» The problem
From the first line of the entries down to the line with "レッド:深い赤の縮緬にベージ", write out every line exactly; that last line counts, but pictures do not.

(Dataset items)

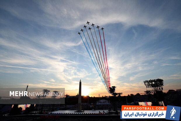 پرواز چند  فروند هواپیما بر فراز آسمان و به نمایش در آمدن تصویری از سه رنگ پرچم کشور فرانسه از بخش های دیدنی ابتدایی مراسم افتتاحیه بود.
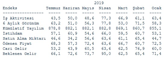Bir önceki ay endeks 50,0 puan seviyesinde bulunuyordu. Böylece 2016 Mayıs'ta görülen 37,2 puandan bu yana en düşük seviye görüldü. 6 Aylık görünüm endeksi ise 51,0 puandan 63,2 puana çıktı.
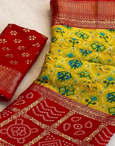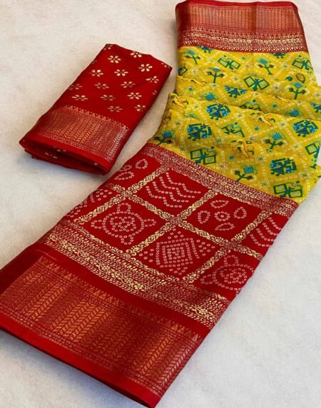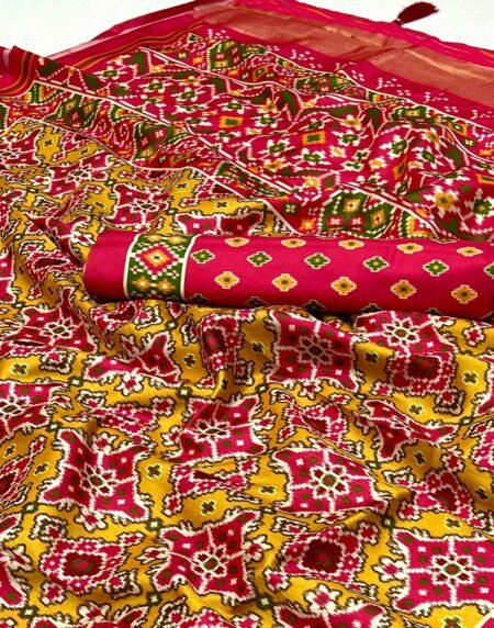 Yellow Patola Printed Dola Silk Saree With Zari Border
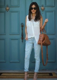 Frayed jeans will give your image some fashionable carelessness. In combination with a t-shirt, top, sweatshirt, you can create a casual look.
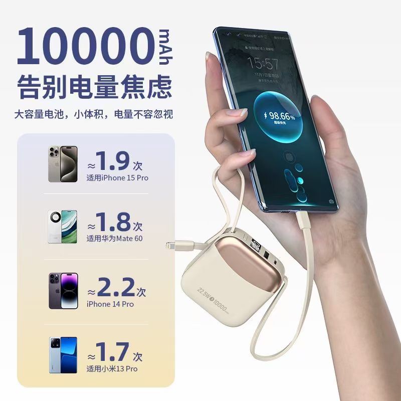 奧蘇米3C認(rèn)證小貝22.5W超級(jí)快充自帶線移動(dòng)電源R56J
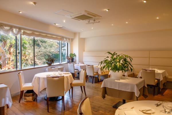 店内は白を基調としたインテリアで、約30席をゆったりと配置。窓を額縁にして、春は桜、秋は紅葉が眺められます。本格フレンチレストランながら、おもてなしは家庭的。肩ひじ張らずに食事を楽しんで。
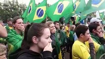 Puxados por um carro de som, passeata avança pelo Centro do Rio cantando o Hino Nacional. Cartazes destacam as reivindicações, como a rejeição à PEC 37 e o repúdio à corrupção.
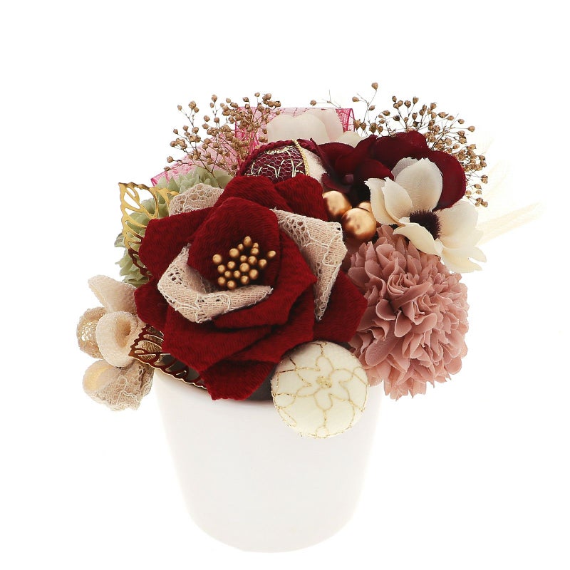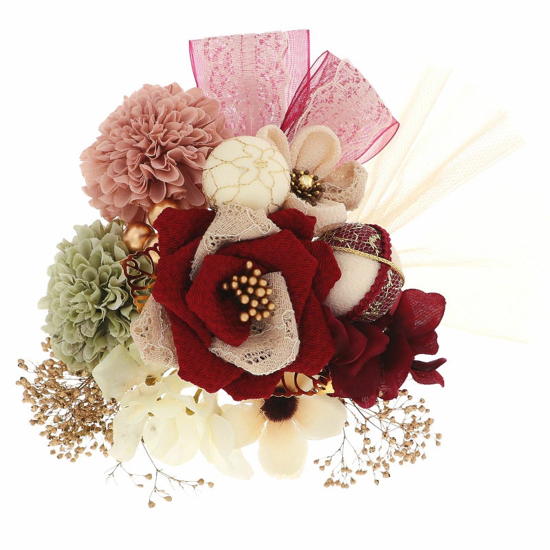 レッド:深い赤の縮緬にベージュのレースの花びらの薔薇が1点、淡い灰緑色とくすみピンクのマム各1点、ベージュの縮緬とレースの丸つまみのお花1点、アイボリーにゴールドのチュールを重ねた玉飾り小1点、アイボリーとワイン、チュールを組み合わせた玉飾り中1点、深いワインレッドとオフホワイトのアジサイ各1点、アイボリーの小花、ゴールドのリーフ、カスミソウ、ブロンズのビーズ飾り、ベージュのチュール、ワインレッドに白レースのリボン飾り。
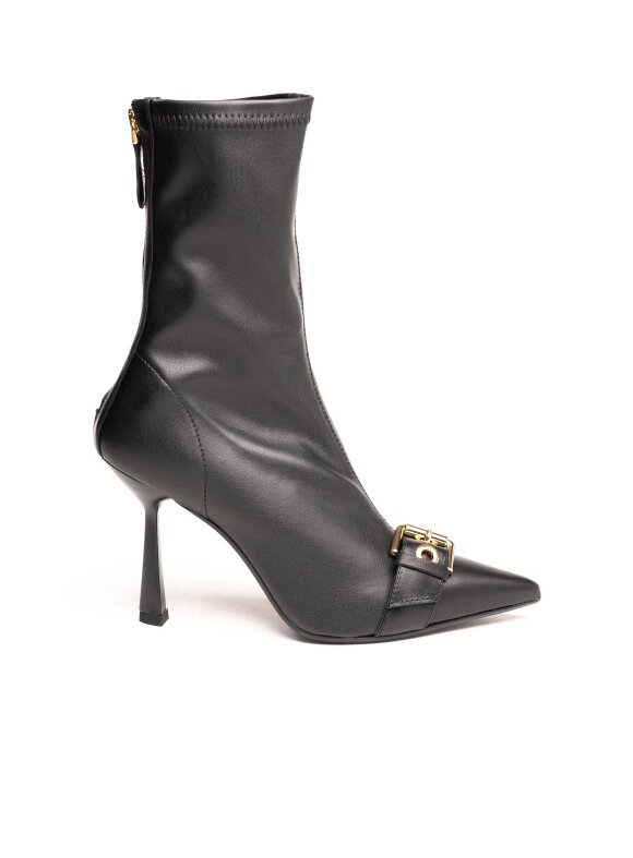Ove Chantal crne gležnjače savršeno spajaju eleganciju i moderni dizajn. Izrađene od kvalitetne kože, gležnjače se ističu elegantnom visokom potpeticom i sofisticiranom zlatnom kopčom s logotipom na prednjem dijelu.
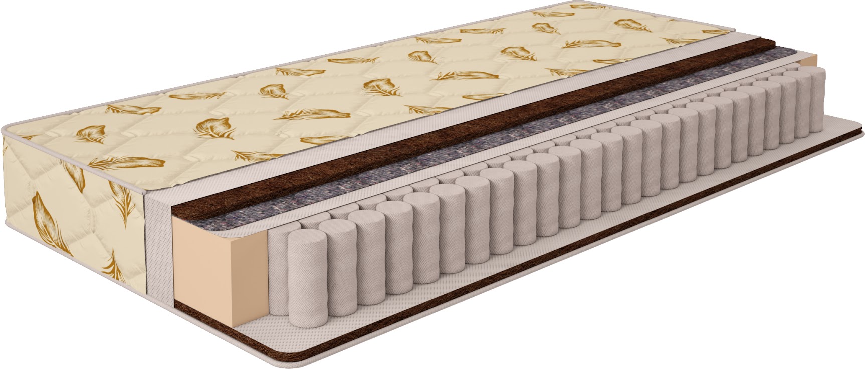 Кокосовая койра 1 см - спрессованные волокна кокосового ореха, пропитанные натуральным латексом. Материал обладает бактерицидными свойствами. Очень прочен и долговечен, а также придает матрасу жесткость.
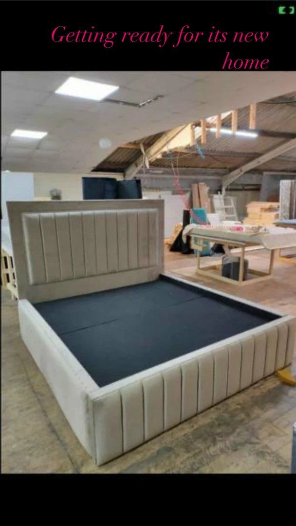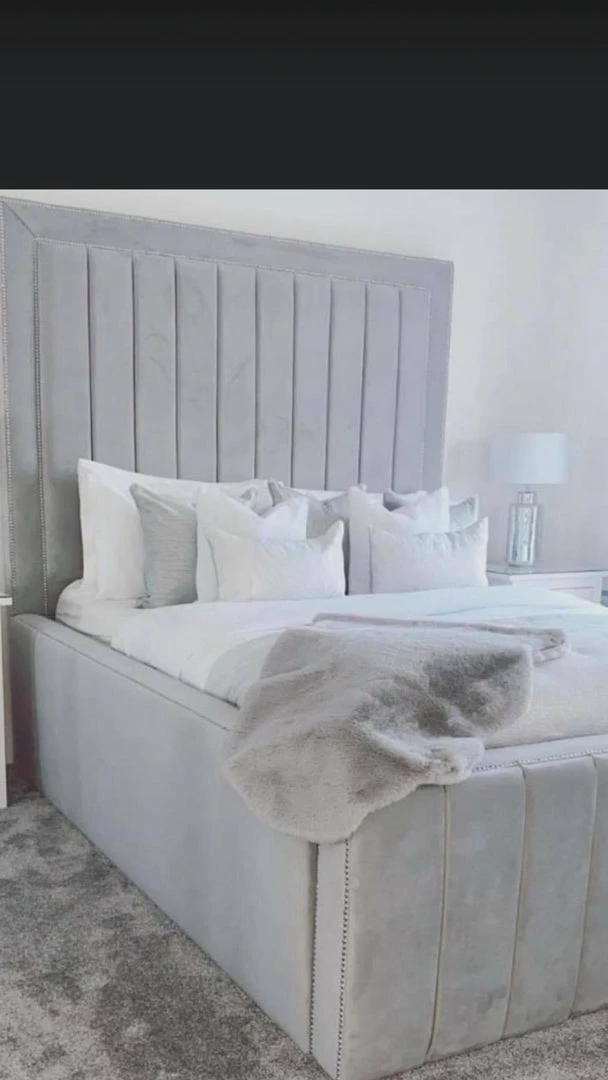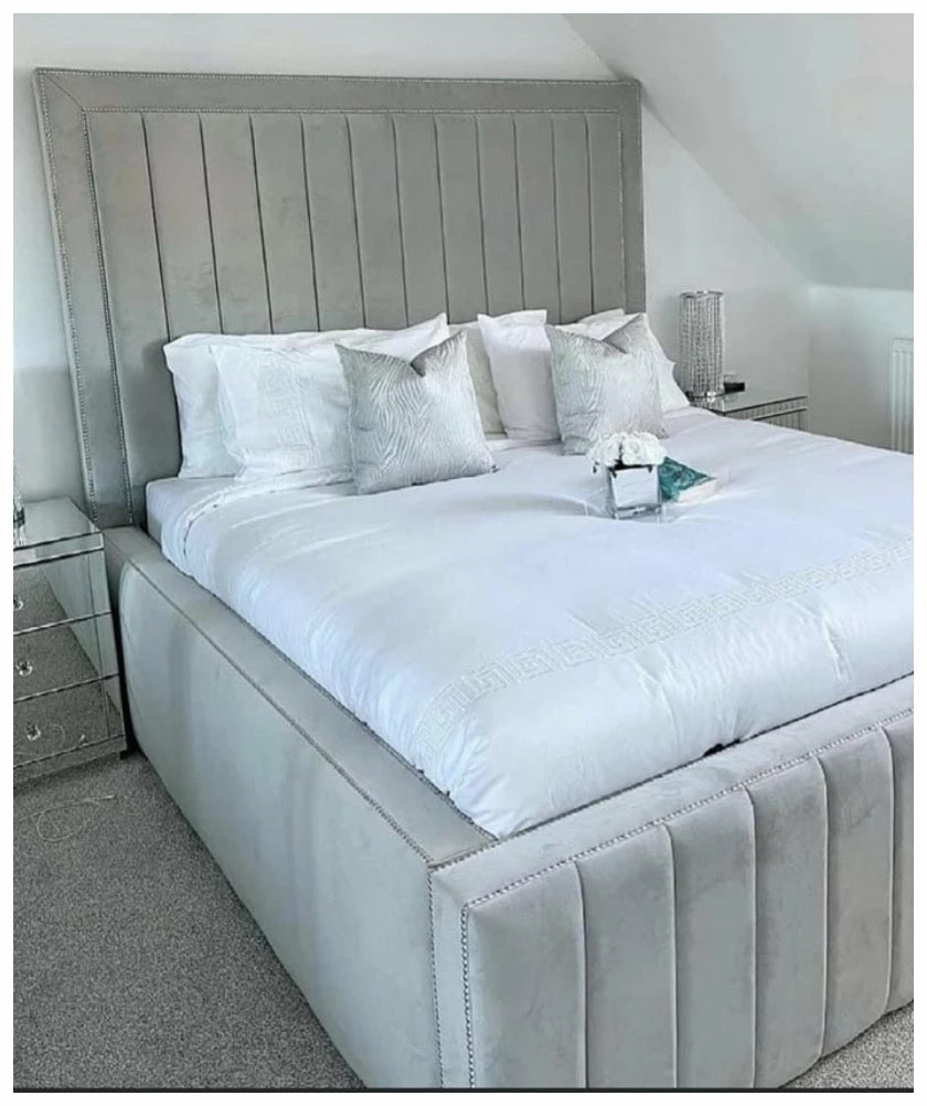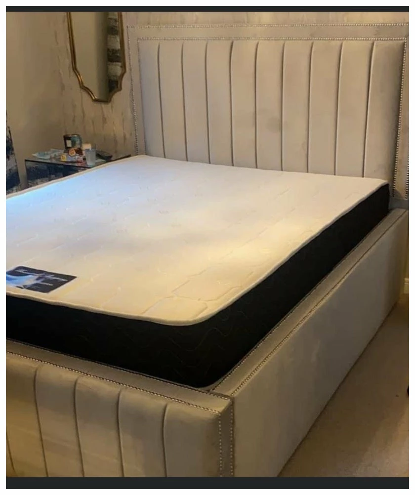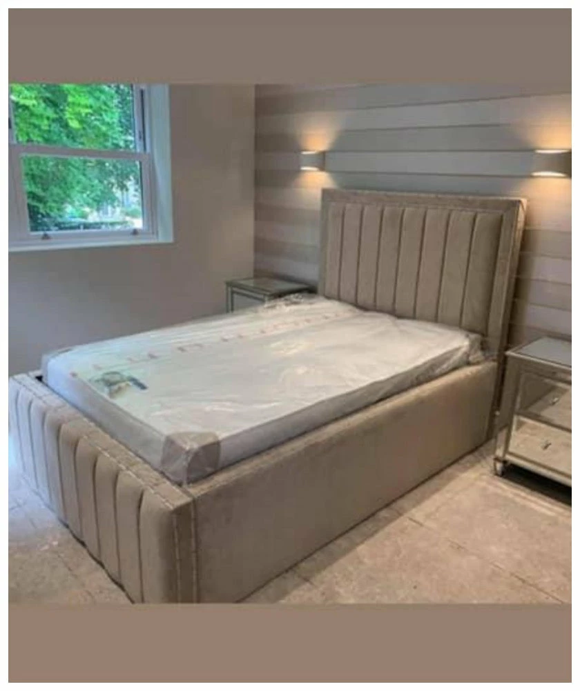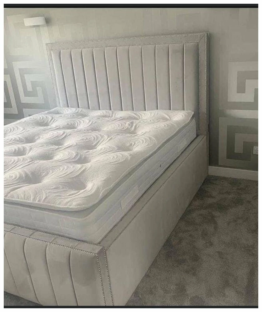 Stunning linear upholstery bed with studding border around side rails aswell as the headboard and footboard comes complete with beading however this can be removed snd be plain
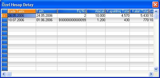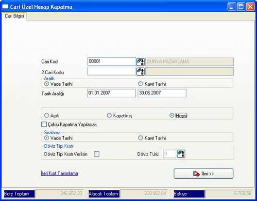 Özel Hesap Kapatma ekranı ile cari hesaba kayıtlar vadelere bölünerek bile atılsa, özel hesap kapatma yapabilmektedir.
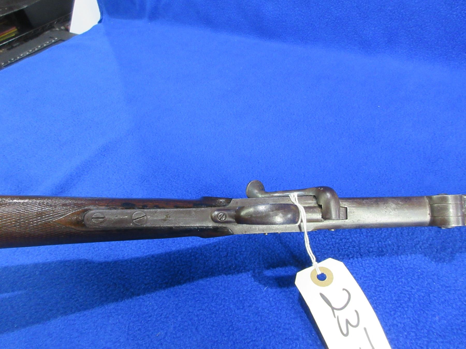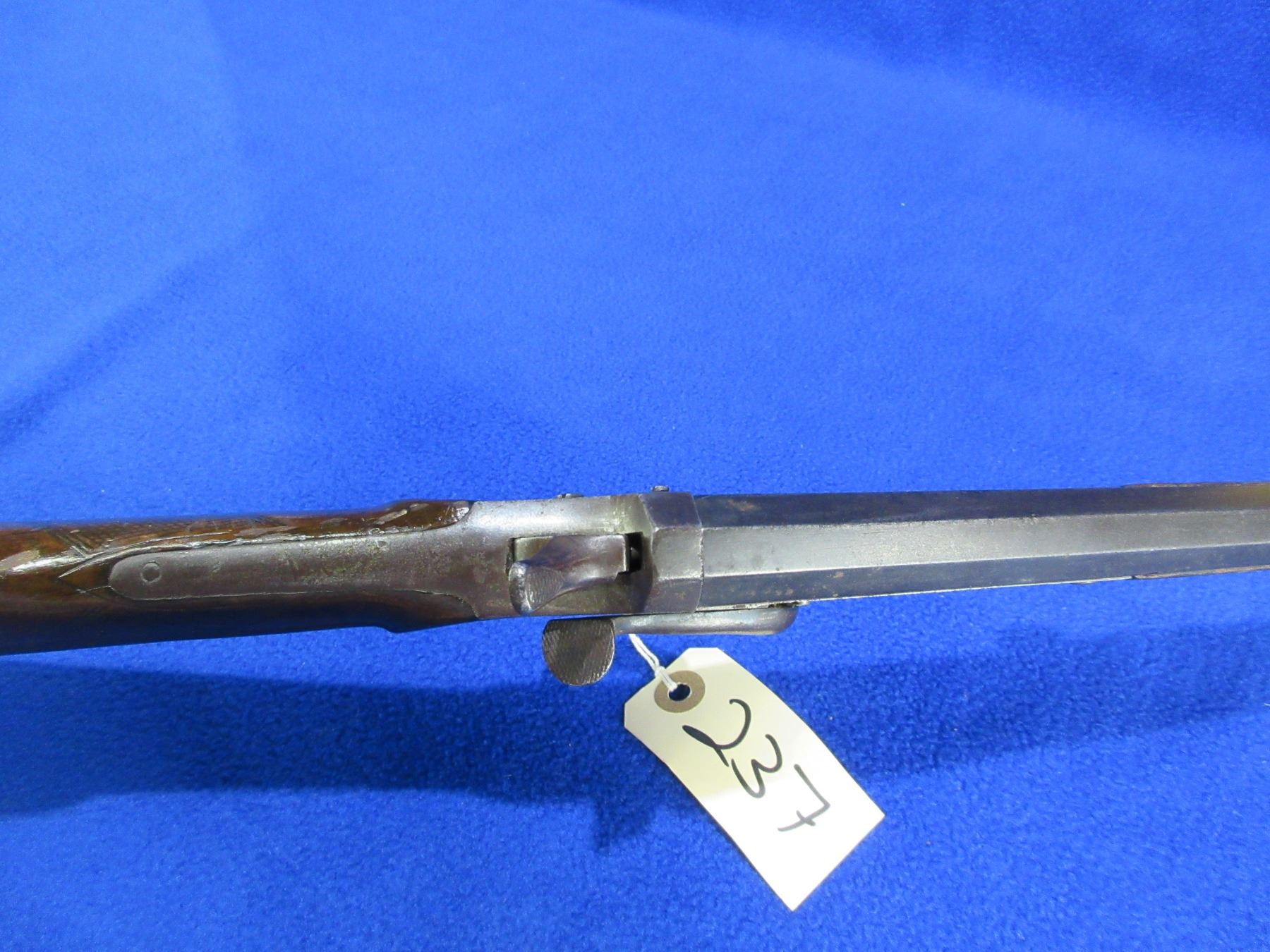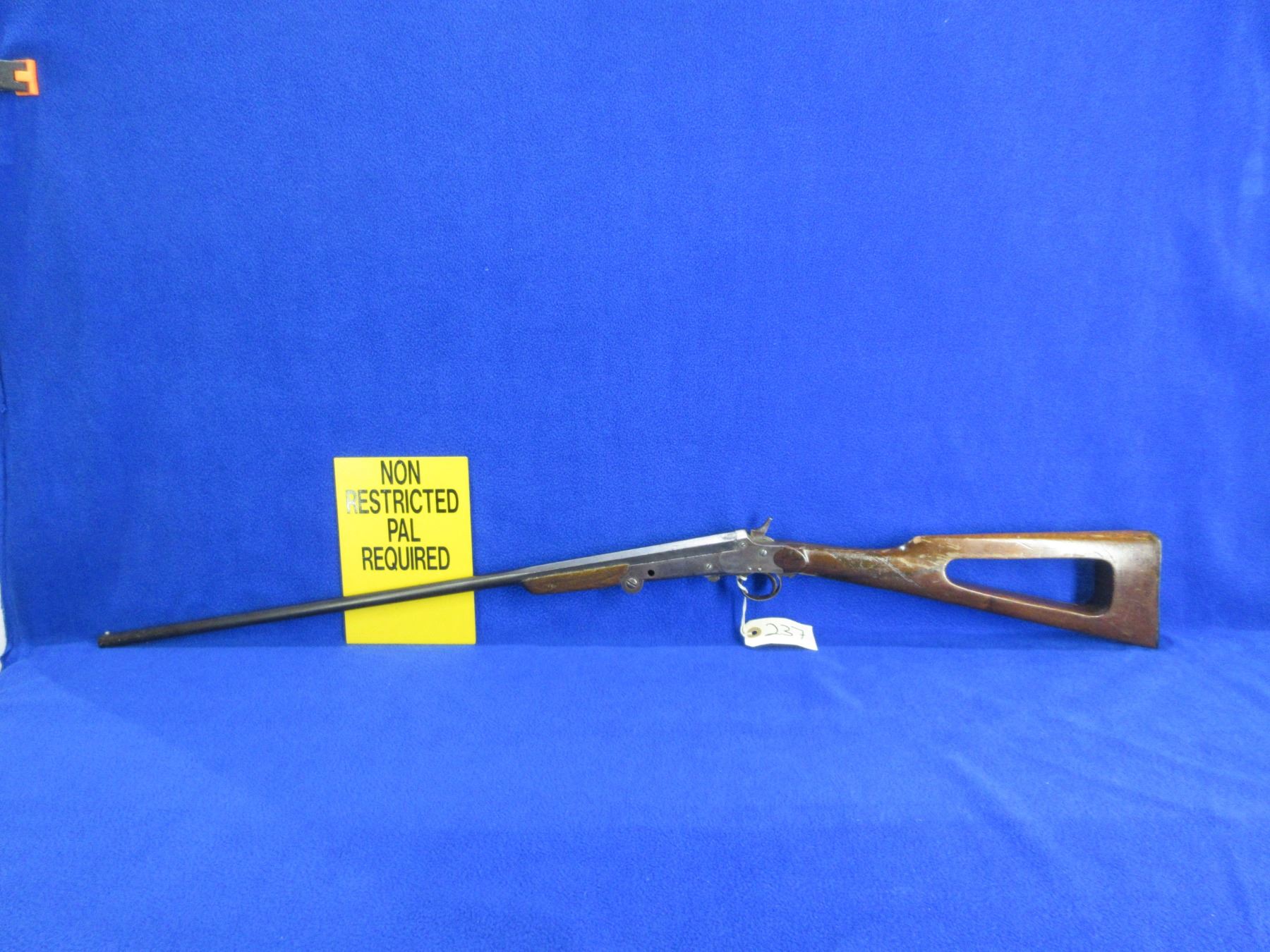 Non-Restricted - Belgian Single Shot in 410 Ga. 2 1/2" - This is a folding tip up hammer single shot shotgun with side lever, action is tight and appears to be in good working order. Partial octagon barrel is 25 1/4", bore is fair with pitting, bluing on barrel is good for age with light pitting, bluing on action is turning grey with light pitting, has bead front sight, stock is good for age with many usage marks, forearm is good for age with many usage marks, metal butt plate. Ser # None

» Exercise output
 پرواز چند  فروند هواپیما بر فراز آسمان و به نمایش در آمدن تصویری از سه رنگ پرچم کشور فرانسه از بخش های دیدنی ابتدایی مراسم افتتاحیه بود.
Bir önceki ay endeks 50,0 puan seviyesinde bulunuyordu. Böylece 2016 Mayıs'ta görülen 37,2 puandan bu yana en düşük seviye görüldü. 6 Aylık görünüm endeksi ise 51,0 puandan 63,2 puana çıktı.
 Yellow Patola Printed Dola Silk Saree With Zari Border
 Frayed jeans will give your image some fashionable carelessness. In combination with a t-shirt, top, sweatshirt, you can create a casual look.
 奧蘇米3C認(rèn)證小貝22.5W超級(jí)快充自帶線移動(dòng)電源R56J
 店内は白を基調としたインテリアで、約30席をゆったりと配置。窓を額縁にして、春は桜、秋は紅葉が眺められます。本格フレンチレストランながら、おもてなしは家庭的。肩ひじ張らずに食事を楽しんで。
 Puxados por um carro de som, passeata avança pelo Centro do Rio cantando o Hino Nacional. Cartazes destacam as reivindicações, como a rejeição à PEC 37 e o repúdio à corrupção.
 レッド:深い赤の縮緬にベージュのレースの花びらの薔薇が1点、淡い灰緑色とくすみピンクのマム各1点、ベージュの縮緬とレースの丸つまみのお花1点、アイボリーにゴールドのチュールを重ねた玉飾り小1点、アイボリーとワイン、チュールを組み合わせた玉飾り中1点、深いワインレッドとオフホワイトのアジサイ各1点、アイボリーの小花、ゴールドのリーフ、カスミソウ、ブロンズのビーズ飾り、ベージュのチュール、ワインレッドに白レースのリボン飾り。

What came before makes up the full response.